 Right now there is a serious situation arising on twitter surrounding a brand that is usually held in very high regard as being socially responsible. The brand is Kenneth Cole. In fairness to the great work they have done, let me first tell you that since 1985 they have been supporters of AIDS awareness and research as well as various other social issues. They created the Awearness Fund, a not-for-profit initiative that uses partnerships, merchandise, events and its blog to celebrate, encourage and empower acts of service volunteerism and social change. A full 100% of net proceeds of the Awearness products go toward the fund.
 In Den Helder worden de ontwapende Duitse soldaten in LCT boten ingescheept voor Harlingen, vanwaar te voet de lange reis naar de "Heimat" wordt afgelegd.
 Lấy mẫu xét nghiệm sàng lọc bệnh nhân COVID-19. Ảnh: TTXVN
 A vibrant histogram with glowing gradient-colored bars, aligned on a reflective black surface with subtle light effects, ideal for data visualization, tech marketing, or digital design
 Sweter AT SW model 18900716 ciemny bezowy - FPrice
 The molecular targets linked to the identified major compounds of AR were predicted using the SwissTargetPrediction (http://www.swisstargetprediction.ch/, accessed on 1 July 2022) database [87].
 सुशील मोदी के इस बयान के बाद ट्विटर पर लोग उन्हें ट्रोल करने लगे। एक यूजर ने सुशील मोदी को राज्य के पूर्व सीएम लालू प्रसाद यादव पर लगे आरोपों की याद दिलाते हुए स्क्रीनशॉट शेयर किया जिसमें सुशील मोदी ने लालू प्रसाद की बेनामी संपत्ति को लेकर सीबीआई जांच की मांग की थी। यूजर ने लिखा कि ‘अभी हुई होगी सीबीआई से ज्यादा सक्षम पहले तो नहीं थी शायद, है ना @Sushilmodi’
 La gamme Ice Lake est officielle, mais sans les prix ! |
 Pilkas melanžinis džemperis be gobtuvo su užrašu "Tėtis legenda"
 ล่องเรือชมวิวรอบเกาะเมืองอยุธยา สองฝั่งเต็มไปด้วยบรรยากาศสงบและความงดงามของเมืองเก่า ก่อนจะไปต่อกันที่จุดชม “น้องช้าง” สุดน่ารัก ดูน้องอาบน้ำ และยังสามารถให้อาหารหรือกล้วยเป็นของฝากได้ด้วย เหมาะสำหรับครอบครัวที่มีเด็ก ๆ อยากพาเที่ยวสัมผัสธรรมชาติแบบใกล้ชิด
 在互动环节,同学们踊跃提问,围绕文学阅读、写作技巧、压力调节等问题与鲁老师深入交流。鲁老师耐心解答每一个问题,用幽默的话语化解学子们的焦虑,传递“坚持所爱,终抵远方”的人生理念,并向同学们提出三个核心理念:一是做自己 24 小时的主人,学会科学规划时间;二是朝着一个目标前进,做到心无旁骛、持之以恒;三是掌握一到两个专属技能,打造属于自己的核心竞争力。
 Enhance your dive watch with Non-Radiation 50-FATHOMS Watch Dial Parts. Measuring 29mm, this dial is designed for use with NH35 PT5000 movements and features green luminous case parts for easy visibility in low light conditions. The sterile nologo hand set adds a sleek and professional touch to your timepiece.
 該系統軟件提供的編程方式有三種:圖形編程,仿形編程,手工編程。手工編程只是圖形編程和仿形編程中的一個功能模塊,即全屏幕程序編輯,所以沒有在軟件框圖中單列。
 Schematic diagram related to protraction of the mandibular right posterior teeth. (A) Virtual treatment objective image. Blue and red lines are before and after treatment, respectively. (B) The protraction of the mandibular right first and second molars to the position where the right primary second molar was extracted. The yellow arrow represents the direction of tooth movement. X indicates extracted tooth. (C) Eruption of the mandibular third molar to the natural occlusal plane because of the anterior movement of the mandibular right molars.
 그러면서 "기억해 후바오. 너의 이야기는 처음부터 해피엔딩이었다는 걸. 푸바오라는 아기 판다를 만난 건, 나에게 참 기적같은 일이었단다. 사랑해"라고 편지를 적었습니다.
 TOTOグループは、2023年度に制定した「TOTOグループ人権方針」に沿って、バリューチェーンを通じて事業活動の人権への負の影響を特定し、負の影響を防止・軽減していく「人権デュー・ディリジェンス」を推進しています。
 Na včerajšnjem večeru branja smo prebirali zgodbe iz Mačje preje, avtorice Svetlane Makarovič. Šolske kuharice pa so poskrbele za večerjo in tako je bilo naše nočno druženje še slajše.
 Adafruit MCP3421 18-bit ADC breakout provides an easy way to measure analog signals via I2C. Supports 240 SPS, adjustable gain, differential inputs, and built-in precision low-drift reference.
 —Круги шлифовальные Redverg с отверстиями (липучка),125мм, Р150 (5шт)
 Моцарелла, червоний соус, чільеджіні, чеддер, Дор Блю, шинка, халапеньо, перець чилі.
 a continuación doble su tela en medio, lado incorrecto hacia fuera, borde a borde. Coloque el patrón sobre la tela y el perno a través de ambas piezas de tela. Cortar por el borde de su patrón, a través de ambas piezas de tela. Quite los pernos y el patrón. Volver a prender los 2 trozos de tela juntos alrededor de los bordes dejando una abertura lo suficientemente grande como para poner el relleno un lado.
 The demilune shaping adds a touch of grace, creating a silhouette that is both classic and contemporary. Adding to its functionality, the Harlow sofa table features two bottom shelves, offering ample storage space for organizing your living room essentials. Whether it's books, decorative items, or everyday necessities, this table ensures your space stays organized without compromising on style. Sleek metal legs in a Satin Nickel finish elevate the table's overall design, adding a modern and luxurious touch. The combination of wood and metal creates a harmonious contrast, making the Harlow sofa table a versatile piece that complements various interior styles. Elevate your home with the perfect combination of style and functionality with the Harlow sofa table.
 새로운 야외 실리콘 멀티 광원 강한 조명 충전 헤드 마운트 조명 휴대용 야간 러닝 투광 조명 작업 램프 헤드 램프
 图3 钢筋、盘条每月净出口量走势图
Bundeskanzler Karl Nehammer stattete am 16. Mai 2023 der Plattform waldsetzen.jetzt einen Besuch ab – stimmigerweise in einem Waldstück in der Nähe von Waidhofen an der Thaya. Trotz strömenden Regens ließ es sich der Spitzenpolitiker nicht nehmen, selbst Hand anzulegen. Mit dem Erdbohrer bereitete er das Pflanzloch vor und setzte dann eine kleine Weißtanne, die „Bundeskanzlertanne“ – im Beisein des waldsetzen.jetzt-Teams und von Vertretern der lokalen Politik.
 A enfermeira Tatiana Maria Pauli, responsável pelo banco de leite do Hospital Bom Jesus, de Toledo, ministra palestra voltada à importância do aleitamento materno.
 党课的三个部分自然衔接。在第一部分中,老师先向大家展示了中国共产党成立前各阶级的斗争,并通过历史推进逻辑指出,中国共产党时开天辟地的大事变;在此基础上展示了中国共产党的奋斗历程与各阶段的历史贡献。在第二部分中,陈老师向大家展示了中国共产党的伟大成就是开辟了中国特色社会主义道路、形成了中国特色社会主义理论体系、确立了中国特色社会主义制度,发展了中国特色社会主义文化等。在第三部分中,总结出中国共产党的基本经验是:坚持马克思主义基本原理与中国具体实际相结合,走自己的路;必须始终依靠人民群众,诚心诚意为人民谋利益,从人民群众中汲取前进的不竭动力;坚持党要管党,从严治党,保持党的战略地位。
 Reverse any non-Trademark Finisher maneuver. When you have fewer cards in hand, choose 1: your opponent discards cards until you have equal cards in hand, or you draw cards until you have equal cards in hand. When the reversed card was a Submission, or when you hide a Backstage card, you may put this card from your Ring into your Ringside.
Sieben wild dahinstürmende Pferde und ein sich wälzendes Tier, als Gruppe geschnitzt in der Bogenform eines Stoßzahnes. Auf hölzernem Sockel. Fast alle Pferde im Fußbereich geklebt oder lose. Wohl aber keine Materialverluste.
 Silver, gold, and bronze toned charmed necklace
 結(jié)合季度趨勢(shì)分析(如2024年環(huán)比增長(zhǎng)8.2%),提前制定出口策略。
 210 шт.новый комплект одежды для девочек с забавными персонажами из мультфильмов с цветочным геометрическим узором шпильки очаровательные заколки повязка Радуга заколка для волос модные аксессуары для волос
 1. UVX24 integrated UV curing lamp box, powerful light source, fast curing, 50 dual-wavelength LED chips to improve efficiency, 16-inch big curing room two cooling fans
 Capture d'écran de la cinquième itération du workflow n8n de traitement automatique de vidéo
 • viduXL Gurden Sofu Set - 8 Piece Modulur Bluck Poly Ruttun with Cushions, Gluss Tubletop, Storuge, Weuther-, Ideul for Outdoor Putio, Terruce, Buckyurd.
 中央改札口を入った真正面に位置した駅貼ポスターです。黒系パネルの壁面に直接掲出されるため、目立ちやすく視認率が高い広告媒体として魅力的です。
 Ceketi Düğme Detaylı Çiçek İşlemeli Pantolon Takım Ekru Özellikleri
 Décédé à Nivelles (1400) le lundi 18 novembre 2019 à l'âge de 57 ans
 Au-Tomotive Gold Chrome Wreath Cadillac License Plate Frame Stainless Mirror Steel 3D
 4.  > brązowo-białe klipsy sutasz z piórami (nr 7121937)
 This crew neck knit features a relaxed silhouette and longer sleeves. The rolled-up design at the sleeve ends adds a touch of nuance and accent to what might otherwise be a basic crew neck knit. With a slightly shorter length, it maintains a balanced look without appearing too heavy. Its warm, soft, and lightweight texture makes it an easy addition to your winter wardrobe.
· · · ·
- **Task**: Gather all lines of the records that include the word "have".

- **Answer area**:
 Right now there is a serious situation arising on twitter surrounding a brand that is usually held in very high regard as being socially responsible. The brand is Kenneth Cole. In fairness to the great work they have done, let me first tell you that since 1985 they have been supporters of AIDS awareness and research as well as various other social issues. They created the Awearness Fund, a not-for-profit initiative that uses partnerships, merchandise, events and its blog to celebrate, encourage and empower acts of service volunteerism and social change. A full 100% of net proceeds of the Awearness products go toward the fund.
 Reverse any non-Trademark Finisher maneuver. When you have fewer cards in hand, choose 1: your opponent discards cards until you have equal cards in hand, or you draw cards until you have equal cards in hand. When the reversed card was a Submission, or when you hide a Backstage card, you may put this card from your Ring into your Ringside.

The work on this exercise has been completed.